The Fed’s QE has been great for bubbles. Since the Fed began publishing its open market operations daily starting in 2002, we’ve been able to see the correlations of the direction of the Fed’s System Open Market Account (SOMA) with 3 stock market bubbles,  plus the biggest credit and housing bubbles in history, and the creation of fake bubble jobs in 2005-2007.

When the bubbles collapsed in 2007 and 2008, the fake jobs disappeared.

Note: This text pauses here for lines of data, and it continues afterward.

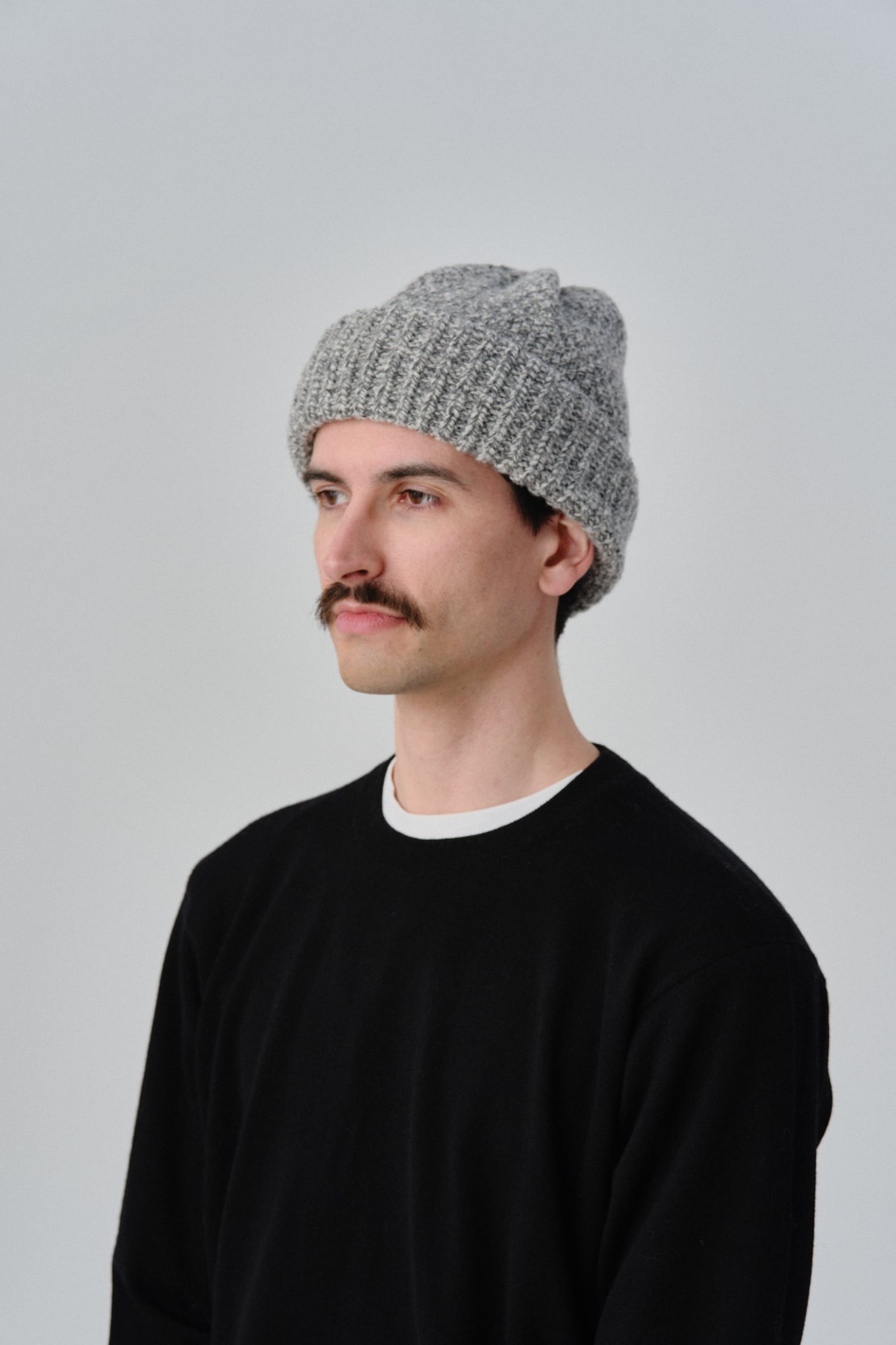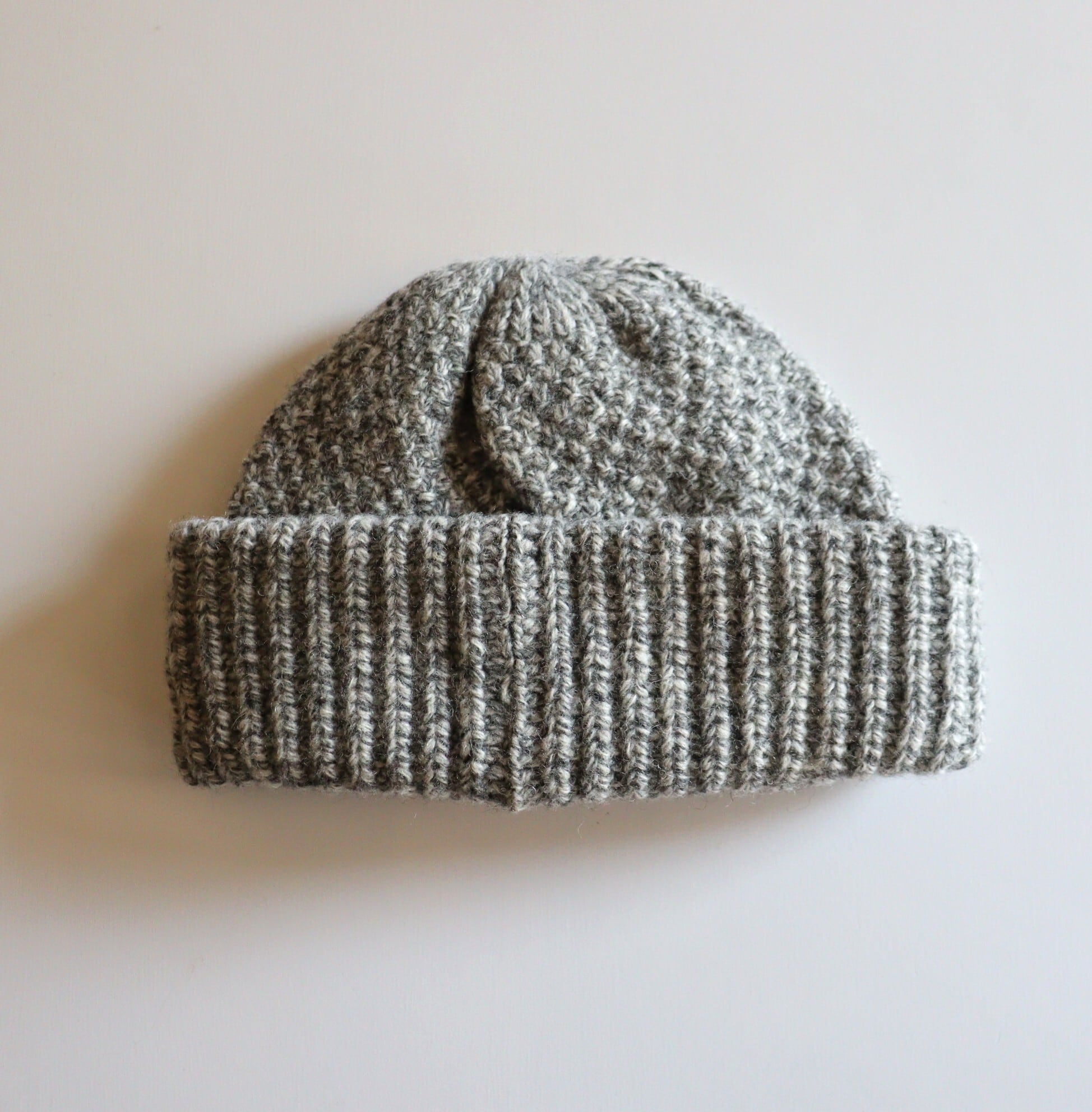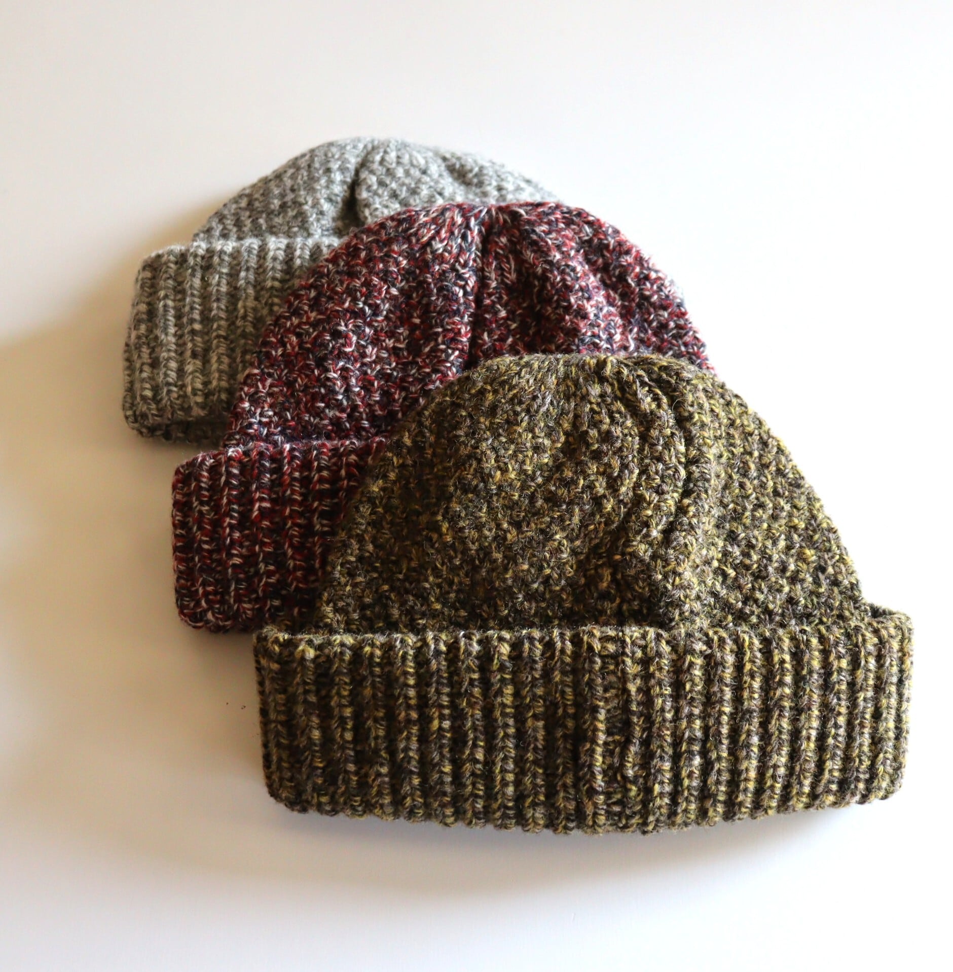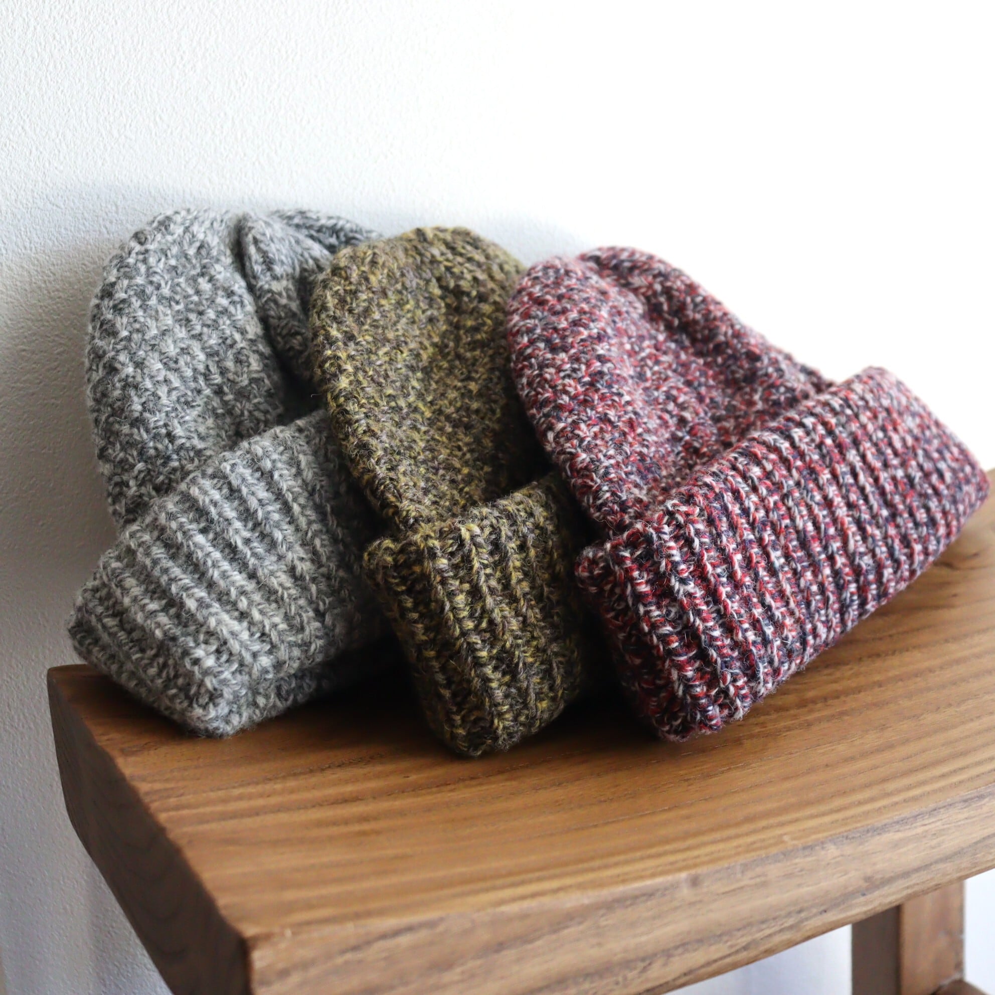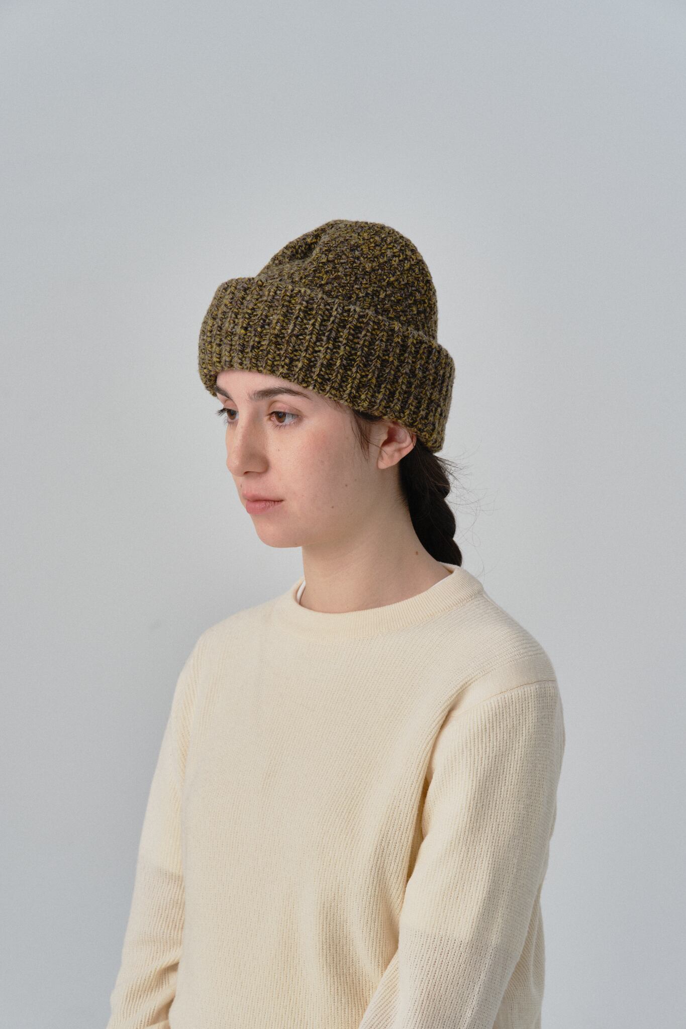 3色の糸を撚り合わせ、リンクス編みで編み立てることで浮き上がったメランジ感のある表情がポイント。伸縮性があり頭にフィットする被り心地です。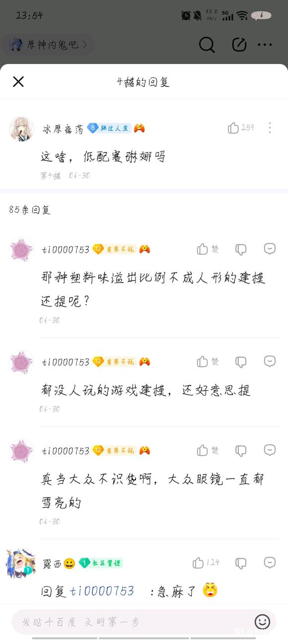 我玩星铁,是正常玩家,不过这个紫发女跟赛琳娜比起来就是一坨,过剧情的时候这个紫发女表情跟个私人一样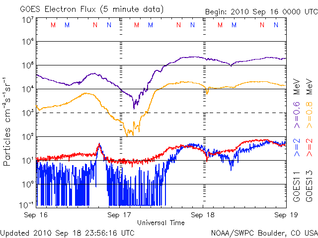 太陽放射線と放射線帯電子はともに静穏です。
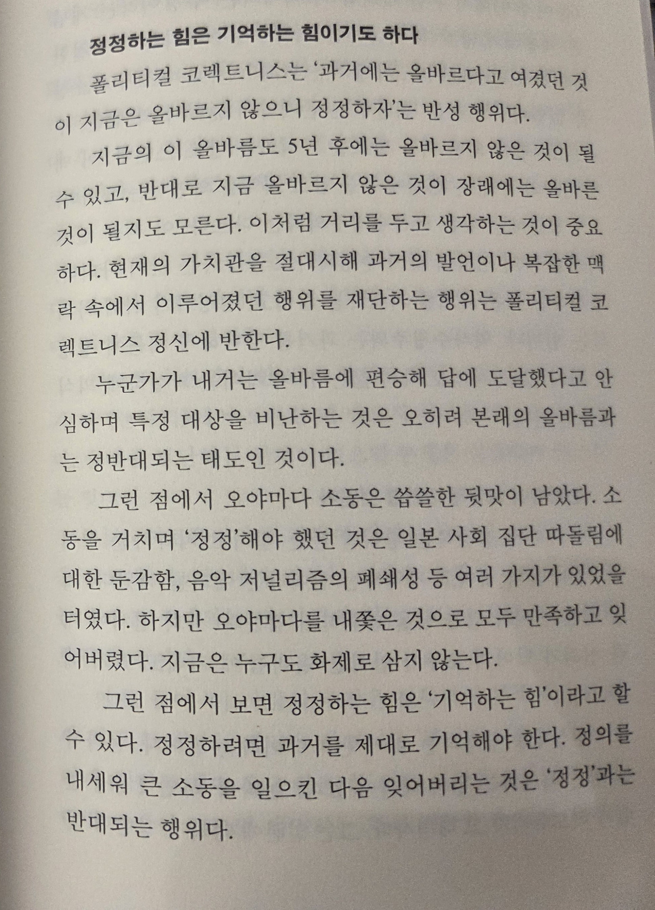 또한 이런 기억하는 힘은 정치적 올바름PC, political correctness라고 불리는 21세기의 큰 사상적 조류와도 연결지어 생각해 볼 만하다. 소수자에 대한 차별에 반대한다는 최근의 이 PC에 대한 염증, 거부감은 왜 세계적으로 두드러지며 전체주의 파시즘에 가까운 트럼피즘을 비롯한 위험한 대안 우파세력은 왜 급증하는가?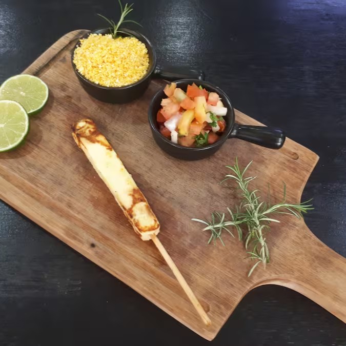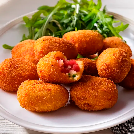 Delicioso bolinho artesanal feito com calabresa, farinha de milho, polvilho e batata. Porção com 15 unidades e acompanha molho rose.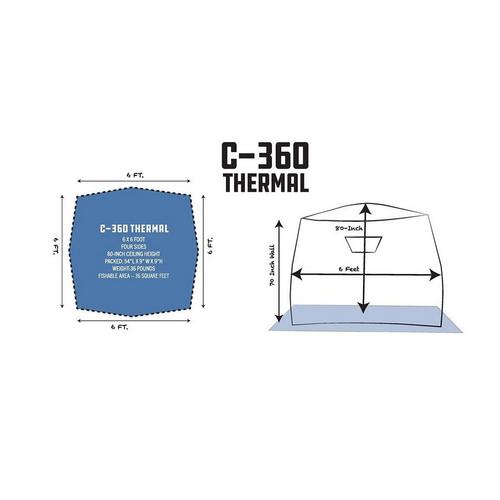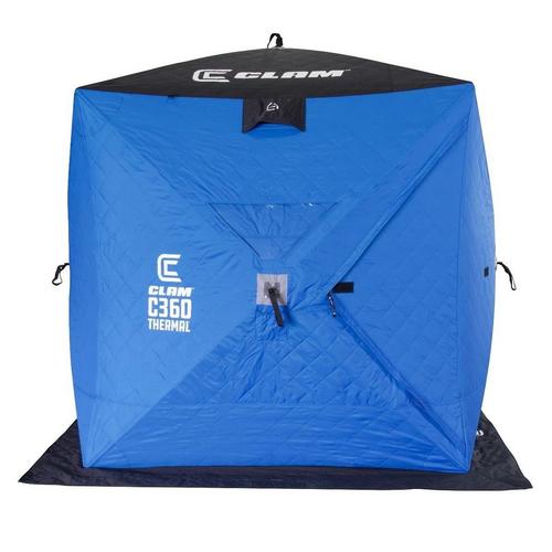 The C-360 Hub Shelter by Clam packs down small for the anglers on the move. And a thermal skin keeps heat in and reduces propane use. Combine this with advanced hub technology and you have a superior pop-up portable ice shelter— the C-360 Thermal Hub. It also has the head and fishing room comparable to our competitors models. The C-360 Thermal Hub the perfect ice fishing shelter for anglers and their families looking to stay warm and comfortable this winter!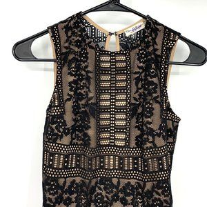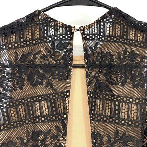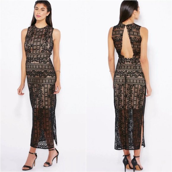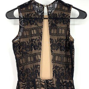 Miss Selfridge Maxi Dress Womens Size 2 Black Nude Tan Floral Lace Sleeveless Open Back. Great preowned condition. Back zipper. Keyhole back with hook/clasp closure. Inside lining.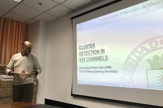 編輯:曹安琪 審核:司黎明 閱讀次數(shù):11月28日下午,北京理工大學(xué)信息與電子學(xué)院聯(lián)合研究生院邀請西班牙馬德里理工大學(xué)Antonio Pérez Yuste教授到我校進(jìn)行學(xué)術(shù)交流。Yuste教授應(yīng)邀做了題為“Cluster Detection in V2X Channels”的“21世紀(jì)學(xué)科前沿”系列學(xué)術(shù)報(bào)告,信息與電子學(xué)院張焱副教授主持報(bào)告,信息與電子學(xué)院多名教師、研究生及留學(xué)生一起聆聽報(bào)告。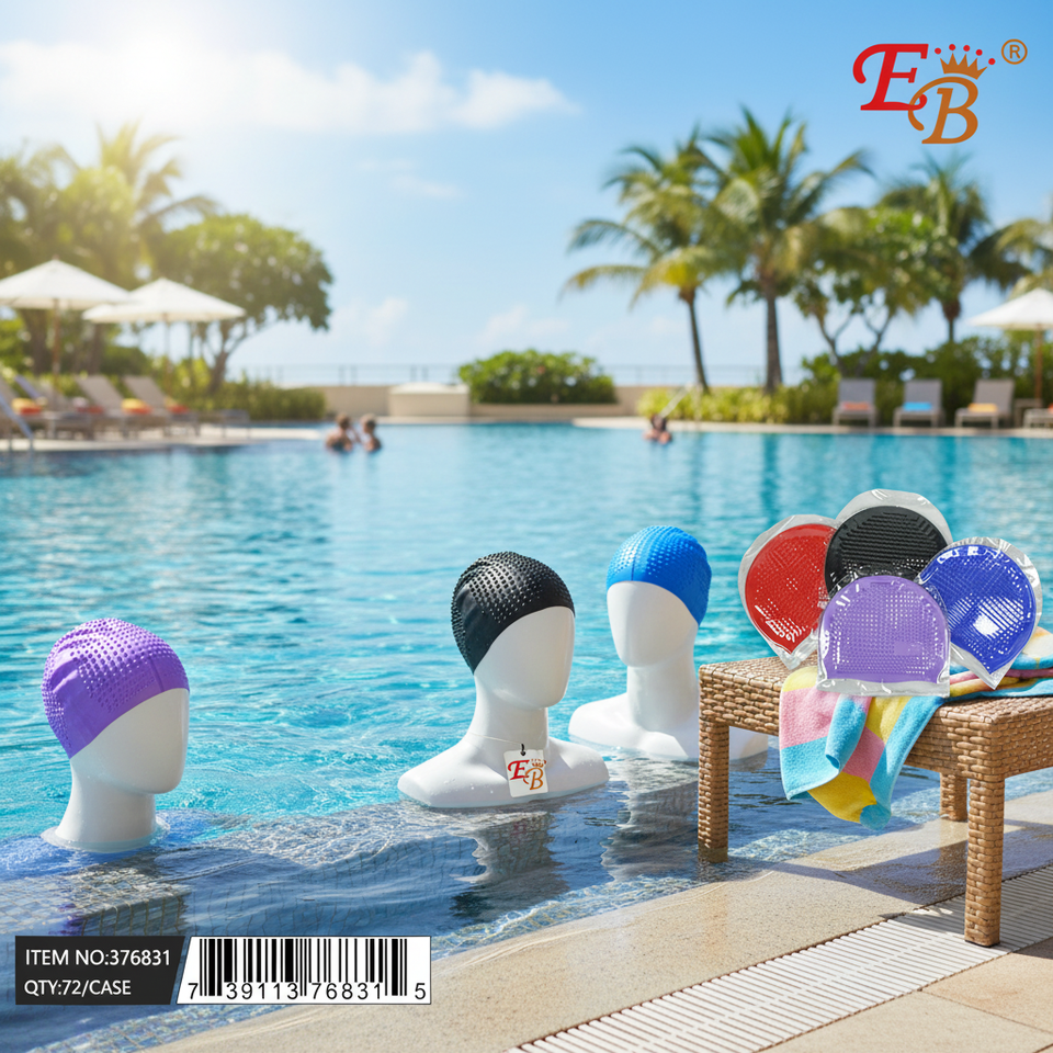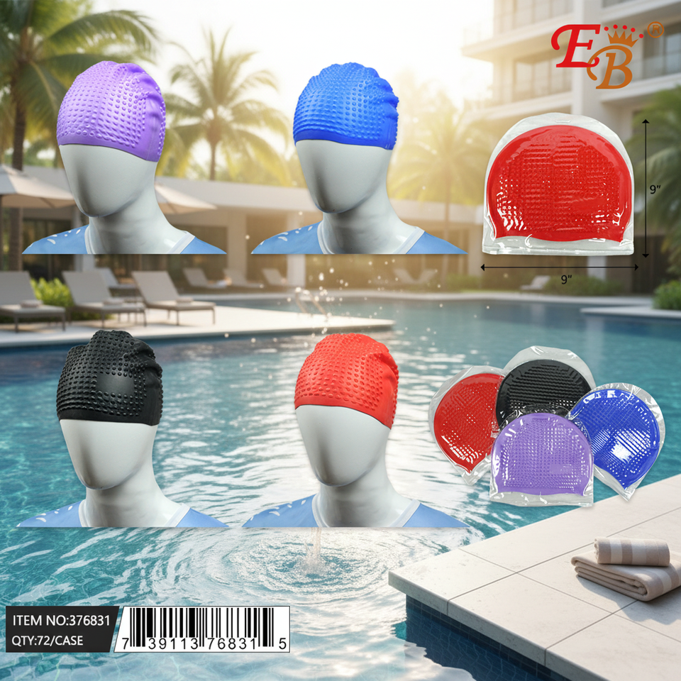 Cuffia da Nuoto per Adulti da 9 Pollici, Elegante e Resistente, Accessorio da Bagno Realizzato in Silicone, Nylon e Spandex, 72 Pezzi/Scatola, Modello 376831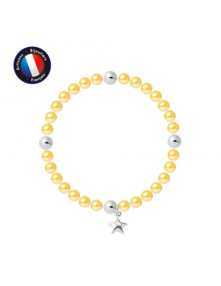 Bracelet- Véritables Perles de Culture d'Eau Douce- Colori Gold- Diamètre 5-6 mm- Qualité de la Perle : AAA+- Breloque toile & 4 Viroles- Argent 925 Millièmes- lastiqu‚ / Longueur 18 cm- Livré dans un écrin Prestige et accompagné d'un Certificat d'Authenticité et de Garantie- Fabriqué par nos Artisans Bijoutiers Français- Garanti 2 ans contre tout défaut de fabrication Internationale

The Fed has frantically tried to reflate the bubbles since 2007. It has had great success with bond prices, stock prices, and house prices. But the fake jobs haven’t come back. That’s because while asset prices have undergone massive inflation since the 2009 bottom, economic activity has merely mirrored population growth. QE has done absolutely nothing to stimulate additional economic growth. Meanwhile employers have wised up. They don’t need the fake jobs and they’re not going to hire people to fill them.

 

Fed QE Good For Bubbles, Not Jobs - Click to enlarge
Fed QE Good For Bubbles, Not Jobs – Click to enlarge

Fake bubble prices are back, but the economic activity that accompanied them the last go round isn’t. The fake bubble jobs haven’t come back. And the chances of them coming back anytime soon are pretty slim. The gravy train hit the end of the line. The institutional memory of the crash is still fresh. Businesses have found that squeezing their workers works to increase executive bonuses and to transfer wealth from labor to themselves. They’ll continue to do that until they’ve squeezed the lemon dry and the economy collapses because the vast majority of workers, not to mention the unemployed, can’t afford to buy the products and services that businesses provide. Businesses ultimately cannot survive on the sale of luxury goods to the top 7% alone.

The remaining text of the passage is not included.